Describe the set up and your methodology. Were all beakers to have the same concentration of yeast and of molasses, so each beaker was an alleged identical to each other beaker? Or did each beaker have a diff. conc of yeast and or molasses? All done at the same time?
Nevermind the .pdf attempt, this is easier, though it looks a little off.
The Effect of Temperature on the Rate of Carbon Dioxide Production in Saccharomyces
Abstract
We have concluded that a pH between 5 and 6 is best for fermentation for alcohol by using various pH levels in five different test tubes. By recording their starting conditions and then measuring their results afterwards, we will be able to see how much CO2 was produced, showing us which starting pH is most effective.
Introduction
Homo sapiens have been using fermentation to create alcoholic beverages for many years now. In this paper I will discuss which pH balance works best to this end. Carbon dioxide production in yeast can be affected by temperature and potential hydrogen, pH. I will be using five different beakers to with varying starting levels of pH. They will all be incubated at the same temperature at the same time while having pH levels that are different. In this lab, we will have no direct method of measuring gas. We can instead use water to show how much CO2 was made and the fermentation rate (Schweinitz).
Materials
· 1 medium beaker (approximately 300-500 ml capacity)
· 5 small beakers labeled 1 through 5 (80-120 ml capacity)
· 5 fermentation tubes labeled with group letter and numbered 1 through 5
· 1 medium graduated cylinder (50 ml)
· 1 small graduated cylinder (10 ml)
· 1 hydrometer and hydrometer tube
· 5 glass stirring rods
· Wax pencil
· 2.0 M Citric acid solution (dropper bottle)
· 0.3 M Calcium hydroxide solution (dropper bottle)
· pH paper test strips
· gloves (latex)
Method
The first step was to pour 150 ml of the yeast/molasses mixture into a medium beaker while continuously stirring the flask.
The second step was to take the beaker to the lab table while continuing to swirl. We used the graduated cylinder to transfer exactly 30 ml of the mixture into each of the 5 beakers which we labeled 1 through 5. All of the beakers received the same quantity and concentration of the yeast/molasses mixture.
Thirdly, we used pH paper which helped us to ascertain the pH of the mixture in beaker 3. The pH was recorded at 5. Beaker 3 became our control mixture and we never changed its pH level. We would record the data.
We next added citric acid, given a few drops at a time to beaker 2, stirring and checking pH until we reached a pH of 4.0. We recorded the data.
We then moved on to baker 1, adding the same number of drops of citric acid as used previously. This continued until a pH of 2.0 was given. Data was recorded.
Now we moved on to beaker 4, adding calcium hydroxide this time. We got the pH of beaker 4 to 8.0. We also did this to beaker 5, only we upped the pH to 10.0. All data was recorded.
For our next step, we measured and recorded the specific gravity of beaker number 3 by using a hydrometer. All beakers had the same specific gravity and so we recorded it thusly. To record the specific gravity, we poured the yeast mixture form the beaker into the hydrometer tube until it was two-thirds of the way full. We then inserted the hydrometer without letting it hit the bottom of the tube whilst also dislodging any bubbles. After recording the specific gravity, we removed the hydrometer and returned the mixture to the beaker.
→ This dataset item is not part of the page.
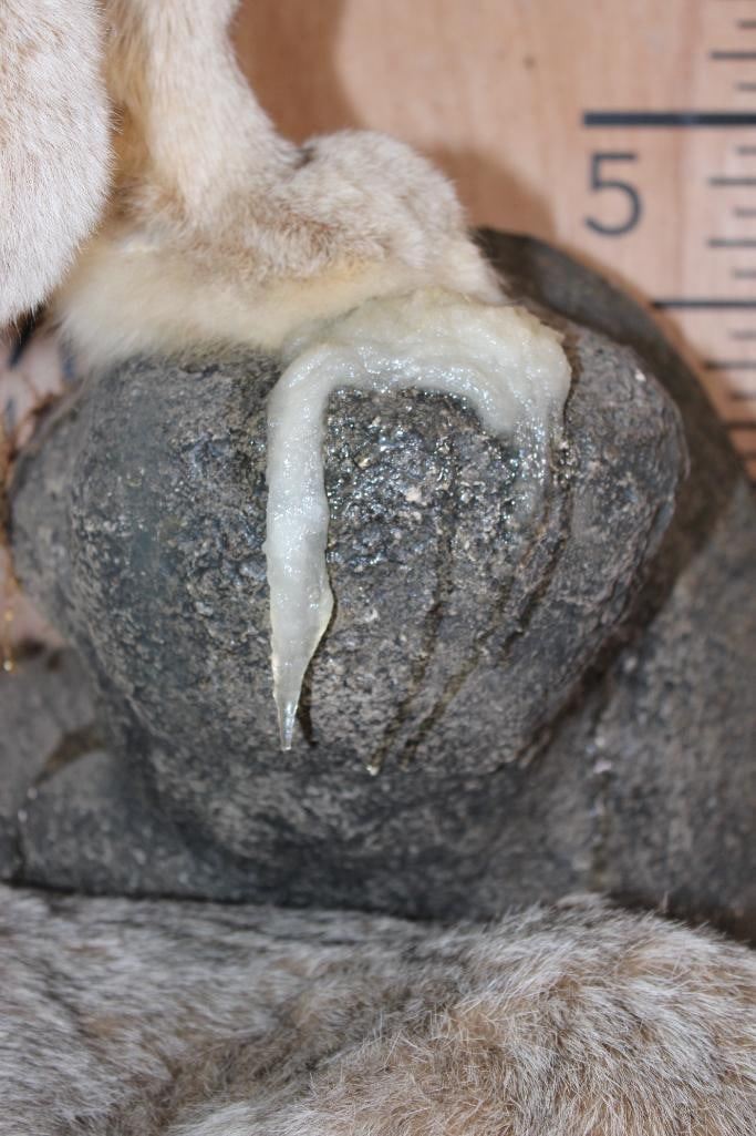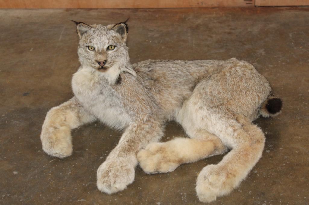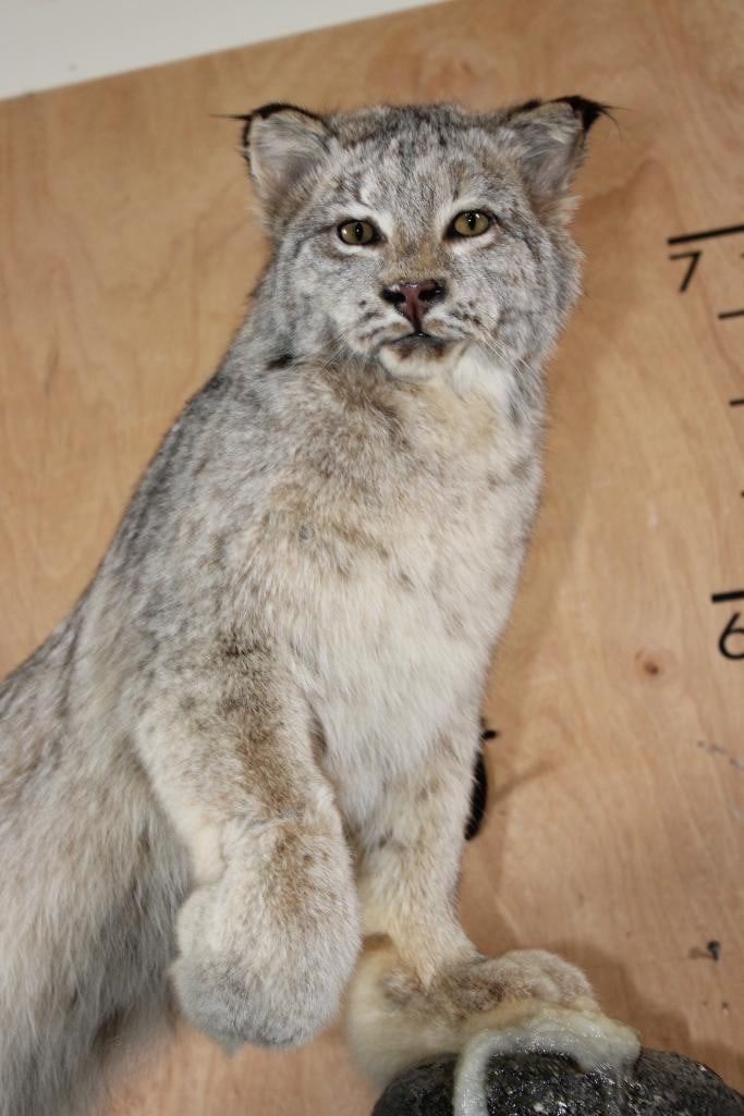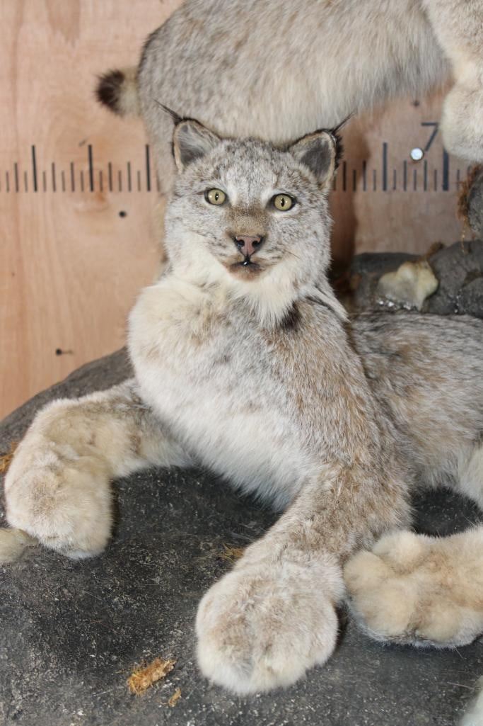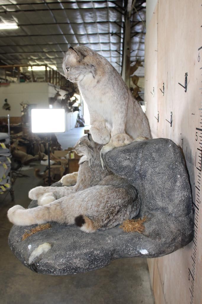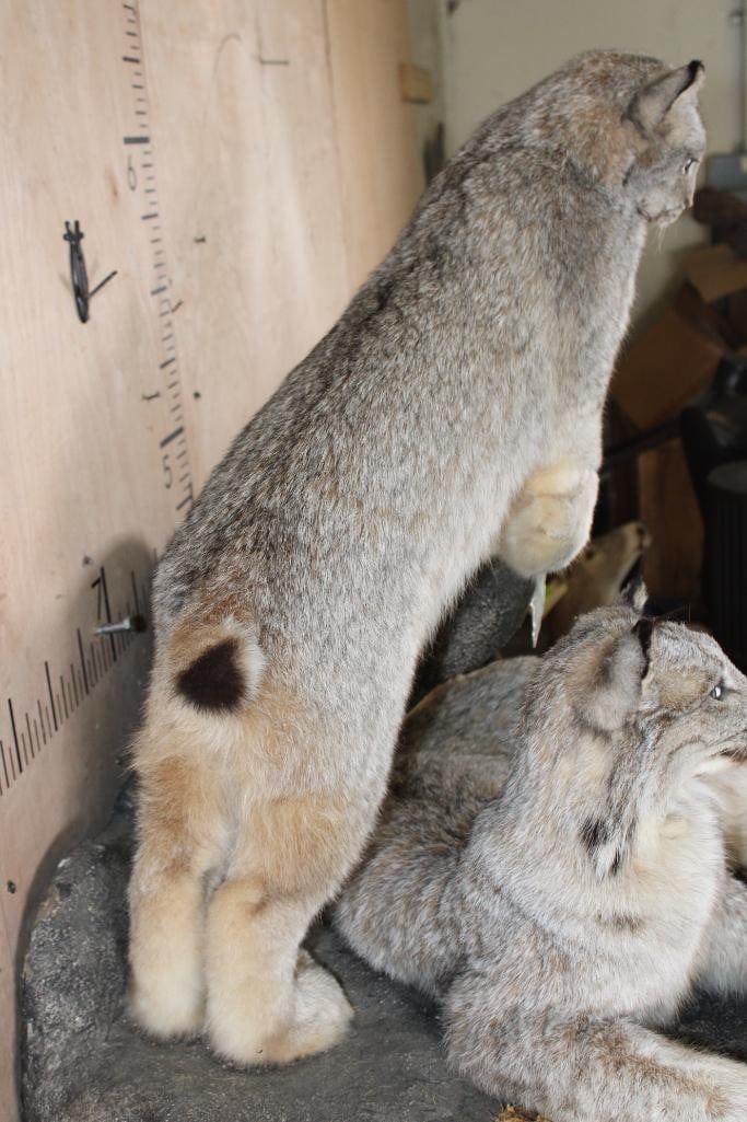 2 Very Nice and Clean Life-sized LYNX. They are mounted on a Rock Wall Hanging Base with icicles. The Total Mount measures 40" Long x 36" Tall x 33" Depth. This is High Quality taxidermy, both are in Very Good Condition. TAXIDERMY

At this point we returned the solutions from the five beakers to the appropriately labeled fermentation tubes without any bubbles.
All fermentation tubes were then placed in the incubator at time 1939, where they would be incubated at 45C until a time of 2045, a time of 46 minutes.
Immediately after removing the fermentation tubes from the incubator, we marked the gas level on the fermentation tube with a wax pencil after ensuring that the tubes were sitting flat on the table so that we could be as accurate as possible.
We then documented that 46 minutes had passed since incubation first began.
After that, we poured the contents of the fermentation tube into the hydrometer tube and measured the final specific gravity.
At this point we measured the volume of gas collected in the fermentation tube by adding a small amount of water to the tube and then inverted it so that the water leveled off to the mark we made earlier. By moving the water to a graduated cylinder we were able to record the volume of CO2 by measuring the water. We did this for all of the fermentation tubes and recorded the data.
Hypothesis
Each difference in pH will yield a varying amount of CO2.
Prediction
I predict that the best pH will be between 5 and 6; this correlates to beaker 3.
Results
Citations
Schweinitz, Jean.
Majors Biology Laboratory Manual. Second Edition. 2009, 2010. Kendall Hunt Publishing Company.